PROBLEM REQUIREMENTS - A faithful copy is required. Print each line of the data exactly and omit the pictures.

WORKING DATA -
-- Opening Marker --

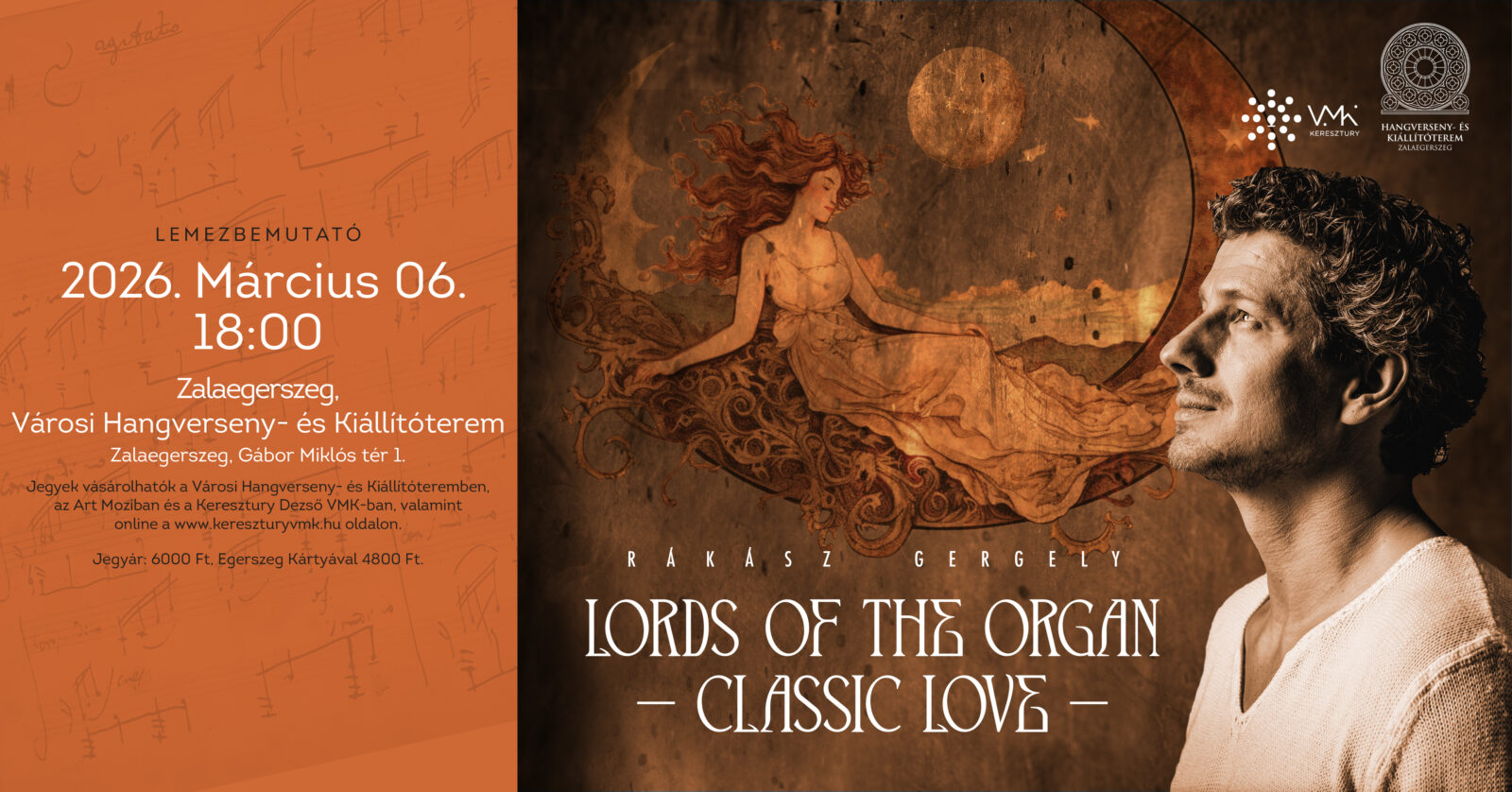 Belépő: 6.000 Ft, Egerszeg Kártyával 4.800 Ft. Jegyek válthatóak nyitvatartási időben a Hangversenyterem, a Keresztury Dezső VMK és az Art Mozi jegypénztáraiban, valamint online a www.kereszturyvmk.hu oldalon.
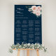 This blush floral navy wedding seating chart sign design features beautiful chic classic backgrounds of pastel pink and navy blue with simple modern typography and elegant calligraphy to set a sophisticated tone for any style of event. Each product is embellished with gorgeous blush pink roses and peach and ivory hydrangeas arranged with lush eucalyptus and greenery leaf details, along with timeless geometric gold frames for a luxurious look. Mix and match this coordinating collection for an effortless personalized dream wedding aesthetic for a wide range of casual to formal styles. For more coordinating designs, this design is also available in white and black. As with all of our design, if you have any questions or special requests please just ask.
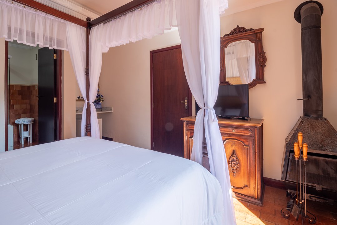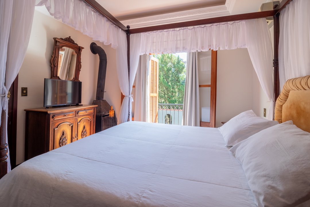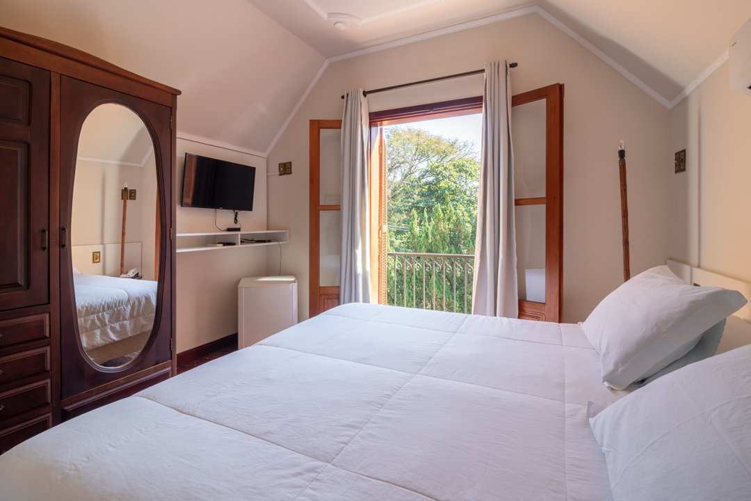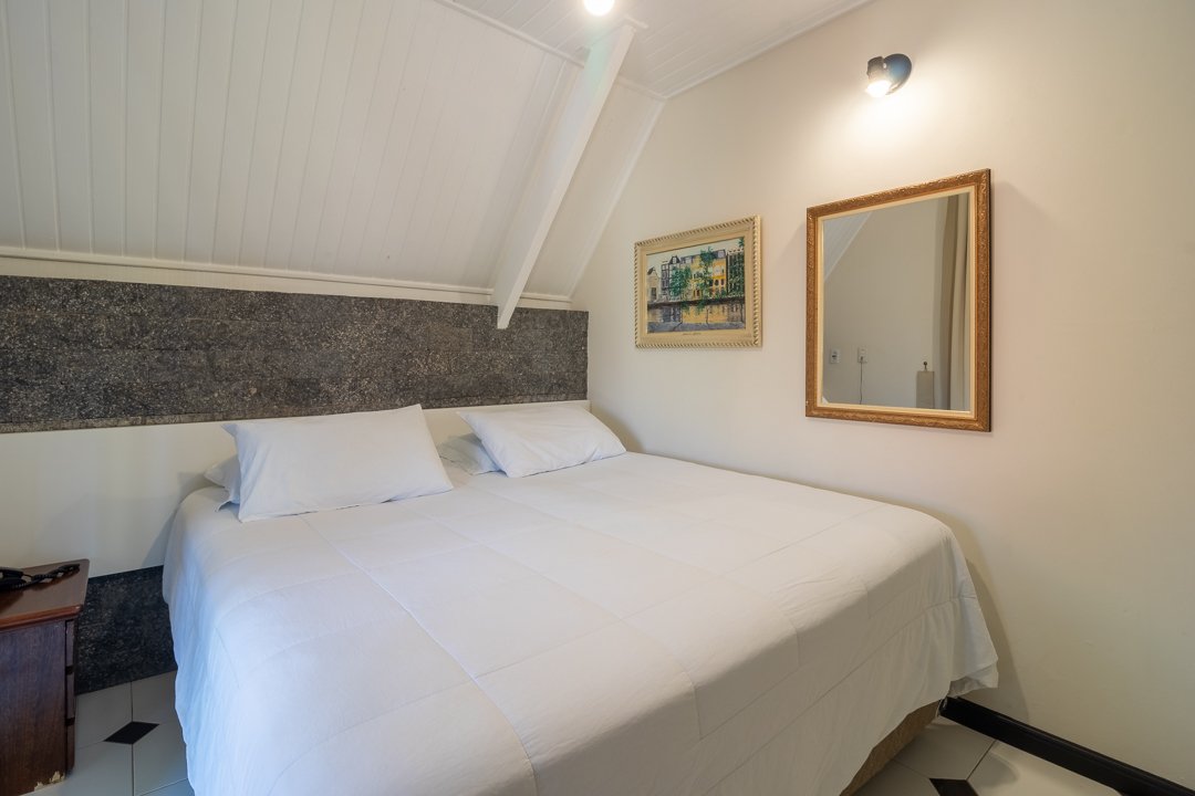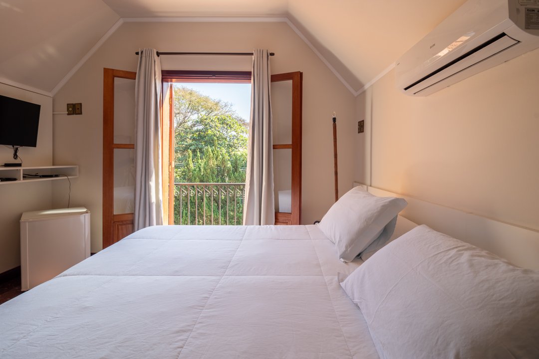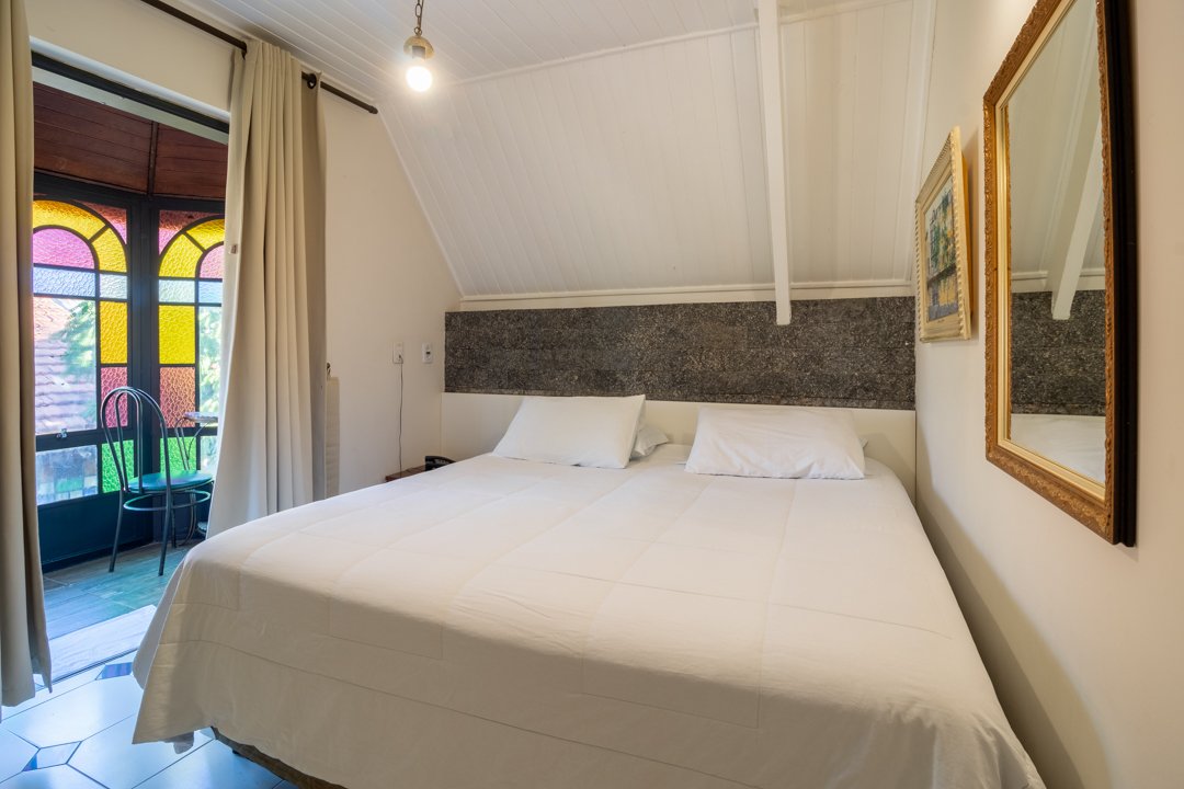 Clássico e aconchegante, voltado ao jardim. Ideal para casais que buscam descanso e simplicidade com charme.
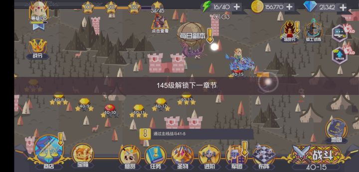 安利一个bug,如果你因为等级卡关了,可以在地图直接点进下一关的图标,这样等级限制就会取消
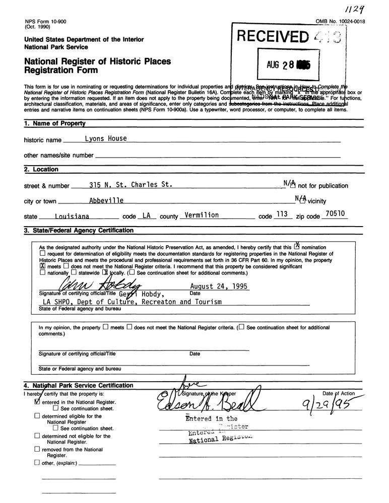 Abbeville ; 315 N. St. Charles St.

-- Closing Marker --

EXERCISE SOLUTION -
 Belépő: 6.000 Ft, Egerszeg Kártyával 4.800 Ft. Jegyek válthatóak nyitvatartási időben a Hangversenyterem, a Keresztury Dezső VMK és az Art Mozi jegypénztáraiban, valamint online a www.kereszturyvmk.hu oldalon.
 This blush floral navy wedding seating chart sign design features beautiful chic classic backgrounds of pastel pink and navy blue with simple modern typography and elegant calligraphy to set a sophisticated tone for any style of event. Each product is embellished with gorgeous blush pink roses and peach and ivory hydrangeas arranged with lush eucalyptus and greenery leaf details, along with timeless geometric gold frames for a luxurious look. Mix and match this coordinating collection for an effortless personalized dream wedding aesthetic for a wide range of casual to formal styles. For more coordinating designs, this design is also available in white and black. As with all of our design, if you have any questions or special requests please just ask.
 Clássico e aconchegante, voltado ao jardim. Ideal para casais que buscam descanso e simplicidade com charme.
 安利一个bug,如果你因为等级卡关了,可以在地图直接点进下一关的图标,这样等级限制就会取消
 Abbeville ; 315 N. St. Charles St.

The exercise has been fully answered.